“Evidence-based medicine.” That term means different things to different people.
It is a worthwhile goal.
However, it’s often a weasel word medical people use to gain power and status over each other and to bully patients into submission. “I’m more evidence-based than you are, so you have to shut up and let me talk now.”
A lot of limiting and harmful aspects of thyroid therapy claim to be “evidence based.”
But nobody can honestly claim to have all the relevant evidence, ever. In fact, medical decisions, policies and research studies are always based on selective evidence.
Also, you may be looking at real, valid evidence, but through what lenses will you interpret it?
Having a medical degree of a certain kind brings valuable knowledge, but knowledge is shaped (and distorted) by a field’s paradigms, priorities, and practices. Humans don’t often seek the evidence that might prove them wrong about something they assume to be true every day.
Medical training is not the only way to obtain medically-relevant knowledge. Learning in classrooms, earning academic degree credit, and holding a job as a health professional are not the only ways to learn.
That’s why medicine always needs to have open dialogue and discussion about evidence.
Thyroid patients need to be part of that dialogue.
This article is not about the science. It’s about what evidence matters, where we as a society get our evidence, and the dialogue we have about the science.
THYROID EVIDENCE
Evidence in thyroid disease and therapy comes in many forms, such as:
- Thyroid-specific laboratory test results, such as Free T3 and T4, TSH, Reverse T3, thyroid antibodies, thyroid ultrasound.
- Clinical scoring scales that cover a wide range of classic thyroid symptoms, rating their quantity and severity: fatigue, cognitive difficulty, mental health and emotional imbalance, exercise intolerance, hair loss, weight gain/loss, breathlessness, sleep disorders, hot and cold temperature sensitivity, cardiovascular symptoms. (However, some scales can be compromised by the fact that some symptoms can be found at both ends of the hypo-hyper continuum).
- Clinically-measurable biomarkers of thyroid hormone activity in tissues, such as heart rate, body temperature, blood pressure, ankle reflex, hand tremor, muscle weakness. These can mean a lot when considered together and in the context of a patient’s clinical history and other health conditions.
- Other laboratory test results that can be strongly influenced by thyroid hormones, such as cortisol, vitamin B12 and iron levels, total cholesterol, creatine kinase, sex hormones, and sex-hormone binding globulin.
- Health outcomes and quality of life in relation to all the above.
SOURCES OF EVIDENCE
Where does one find such evidence?
Not all evidence comes from a laboratory or clinical setting and is published in scientific journals. Any and all of the forms of evidence above can be shared in a wide variety of “sources” (publication types) or “discourses” (discussions). These sources will often include interpretations and proposed applications of that evidence:
- Published scientific research studies of various types (not just clinical trials). These require careful review for their aims, methods, assumptions, conclusions, and proposed applications. A person cannot rely on skimming titles and abstracts alone.

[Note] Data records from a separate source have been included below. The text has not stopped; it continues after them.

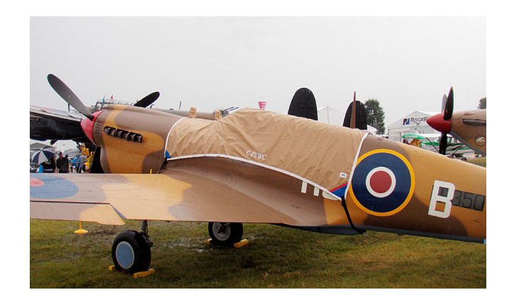
P40 Canopy Cover

Travel Covers are made with Silver Solution-Dyed Polyester fabric and only lined over the windshield to save weight. The material is lightweight and more compact for easy stowage in the aircraft. The polyester material is water resistant, but only intended for occasional use outside. We also have an ultra lightweight material available for fitted hangar dust covers. For daily outdoor use, the non-travel Sunbrella Cover is the best choice.
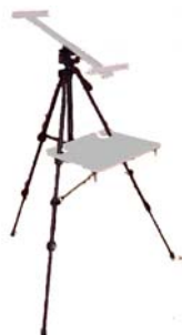
Lite-Weight Painters Startup Package Item 20-40
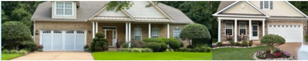
Aurora & Peter Aquintay 3124 Genius Drive, The Grove
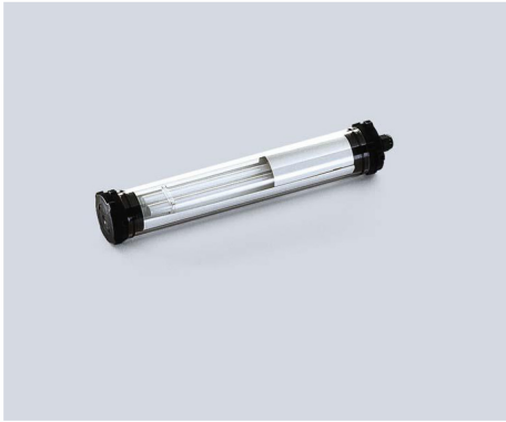
RL70C - 118 S

- Doctors’ clinical experience of thyroid disease and therapy accumulated case by case over many years of practice. Forums in which doctors share their professional knowledge, including formal medical education and informal water-cooler chat and conferences.
- Patients’ experience with thyroid disease and therapy, both individually over years, and collectively compared in patient support forums where patients come together to help each other and learn together across all forms of thyroid disease and treatment.
Basically, various types of evidence get discussed in various forums, and each source can be biased and partial evidence.
PEER-BASED DIALOGUE
The doctor’s office is only one place where we discuss relevant data. We can’t expect too much of that dialogue.
Both doctors and patients can learn by dialogue with others like themselves, comparing across many cases.
Peer-based learning and individual study are essential supports for evidence-based thyroid therapy dialogues in the doctor’s office.
Doctors, consider gathering together to learn about individualized thyroid therapy and challenging cases, not just to complain and roll eyes about whiny, googling thyroid patients, not just to learn the latest techniques to efficiently dismiss our symptoms and manipulate our TSH. Consider reading some studies of thyroid therapy by Hoermann, Midgley, Larisch and Dietrich.
Patients, consider learning with your peers today. Join and follow our campaign as one way to keep learning. Join a private, thyroid-patients-only forum. Read others posts and learn from their symptoms, lab results, and their journeys over time. Comment with questions, suggestions and encouragement. Consider planning a thyroid patients’ face to face meet-up in your region.